- _Materials provided_
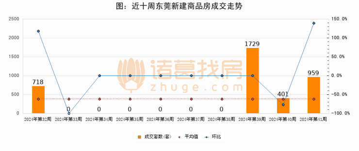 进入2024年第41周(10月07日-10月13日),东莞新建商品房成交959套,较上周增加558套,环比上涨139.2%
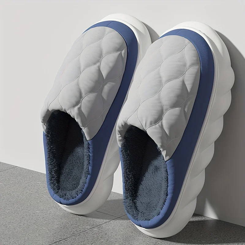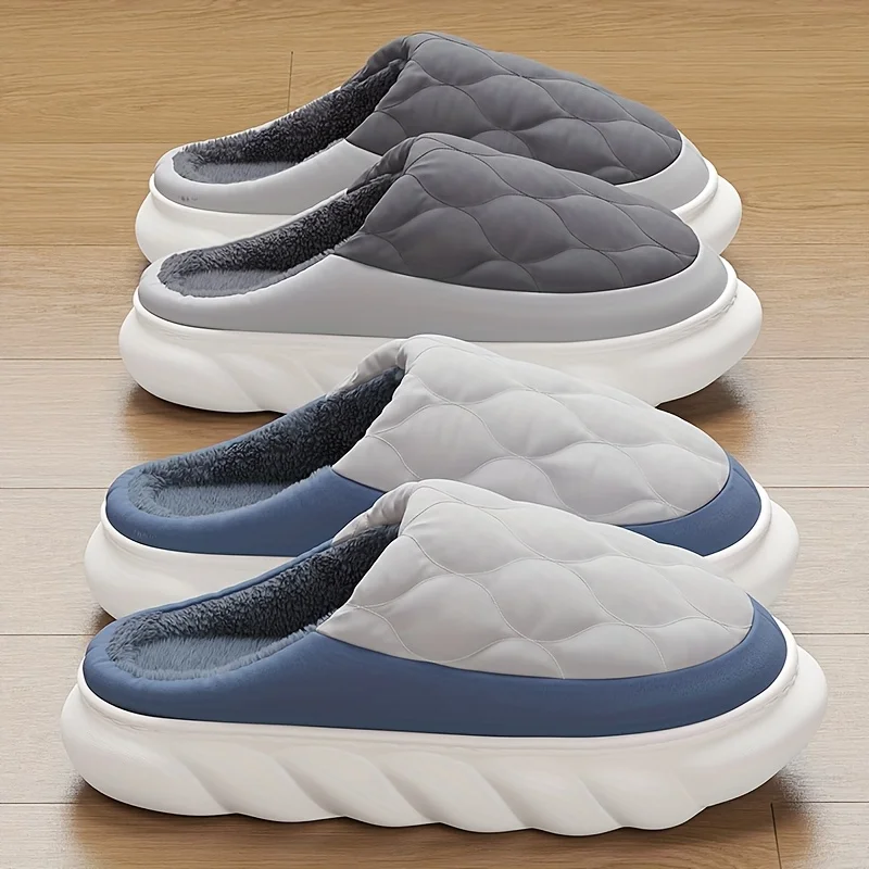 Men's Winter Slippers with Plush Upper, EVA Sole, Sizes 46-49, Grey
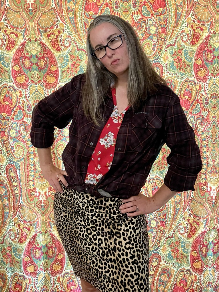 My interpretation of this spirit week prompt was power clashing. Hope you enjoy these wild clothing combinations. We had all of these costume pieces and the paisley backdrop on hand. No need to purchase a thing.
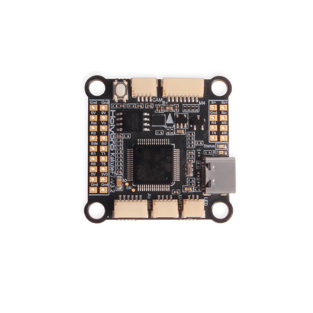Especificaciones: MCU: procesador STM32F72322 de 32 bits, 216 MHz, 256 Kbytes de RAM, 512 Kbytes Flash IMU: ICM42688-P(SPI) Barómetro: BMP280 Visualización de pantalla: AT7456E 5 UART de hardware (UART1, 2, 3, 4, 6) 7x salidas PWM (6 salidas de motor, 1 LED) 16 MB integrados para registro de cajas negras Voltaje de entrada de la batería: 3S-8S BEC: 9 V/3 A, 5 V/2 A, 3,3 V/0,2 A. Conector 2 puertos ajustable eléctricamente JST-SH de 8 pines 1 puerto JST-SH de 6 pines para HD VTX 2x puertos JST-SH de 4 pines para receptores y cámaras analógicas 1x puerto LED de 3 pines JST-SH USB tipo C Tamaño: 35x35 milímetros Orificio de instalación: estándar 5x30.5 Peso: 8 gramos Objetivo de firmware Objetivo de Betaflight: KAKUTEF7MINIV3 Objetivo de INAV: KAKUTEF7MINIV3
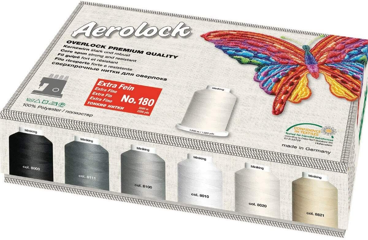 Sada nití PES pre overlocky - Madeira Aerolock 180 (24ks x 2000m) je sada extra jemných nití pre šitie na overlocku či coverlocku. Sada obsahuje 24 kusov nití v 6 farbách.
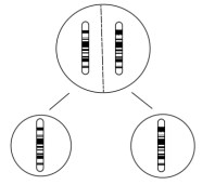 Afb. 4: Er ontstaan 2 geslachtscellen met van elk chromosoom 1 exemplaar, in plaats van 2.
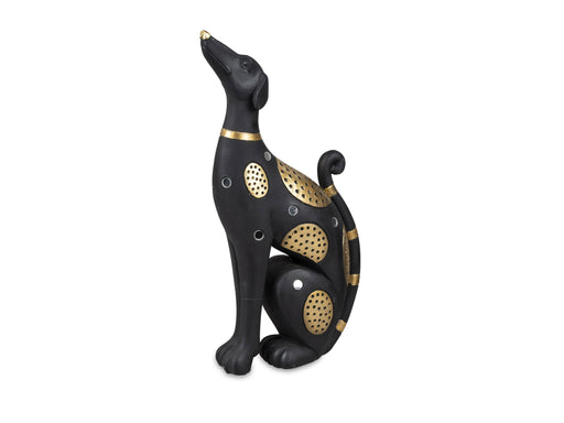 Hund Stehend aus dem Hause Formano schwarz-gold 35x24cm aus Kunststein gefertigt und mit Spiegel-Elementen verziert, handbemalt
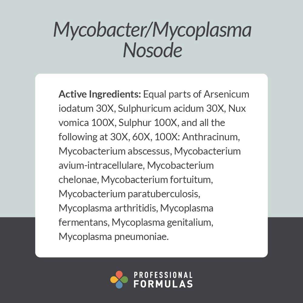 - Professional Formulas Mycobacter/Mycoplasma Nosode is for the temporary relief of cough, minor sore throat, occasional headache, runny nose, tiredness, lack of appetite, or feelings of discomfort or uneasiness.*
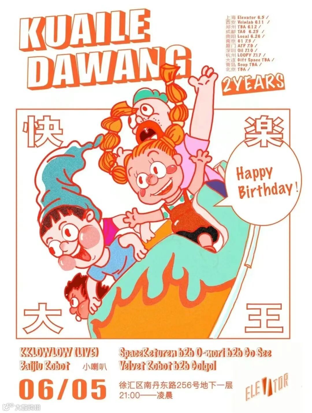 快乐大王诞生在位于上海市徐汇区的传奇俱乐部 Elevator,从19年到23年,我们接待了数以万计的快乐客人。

--

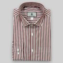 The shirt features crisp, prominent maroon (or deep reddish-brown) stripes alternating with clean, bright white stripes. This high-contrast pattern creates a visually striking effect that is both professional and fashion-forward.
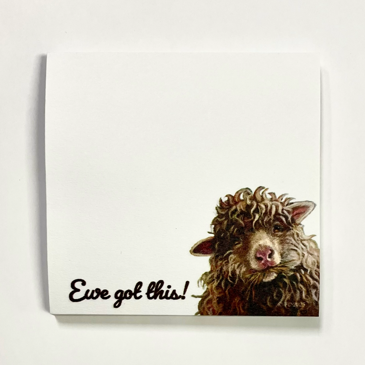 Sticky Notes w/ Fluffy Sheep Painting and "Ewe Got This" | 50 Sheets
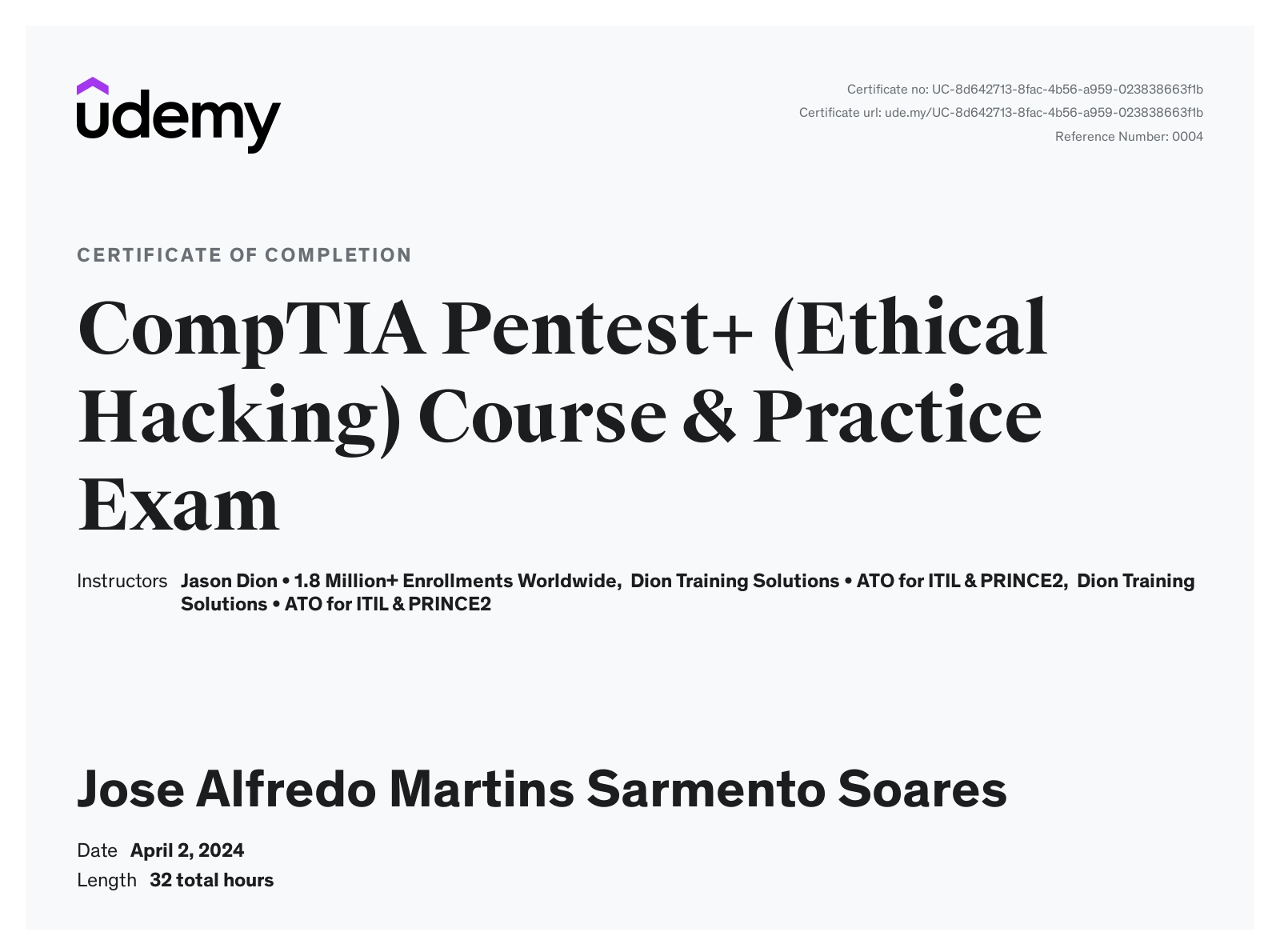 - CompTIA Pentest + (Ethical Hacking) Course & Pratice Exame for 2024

- _What you have to do_
The stretch to restate runs from the line above containing "进入2024年第41周(10" through the line containing "My interpretation of". Copy it word for word, ends included, without pictures.

- _Task output_
 进入2024年第41周(10月07日-10月13日),东莞新建商品房成交959套,较上周增加558套,环比上涨139.2%
 Men's Winter Slippers with Plush Upper, EVA Sole, Sizes 46-49, Grey
 My interpretation of this spirit week prompt was power clashing. Hope you enjoy these wild clothing combinations. We had all of these costume pieces and the paisley backdrop on hand. No need to purchase a thing.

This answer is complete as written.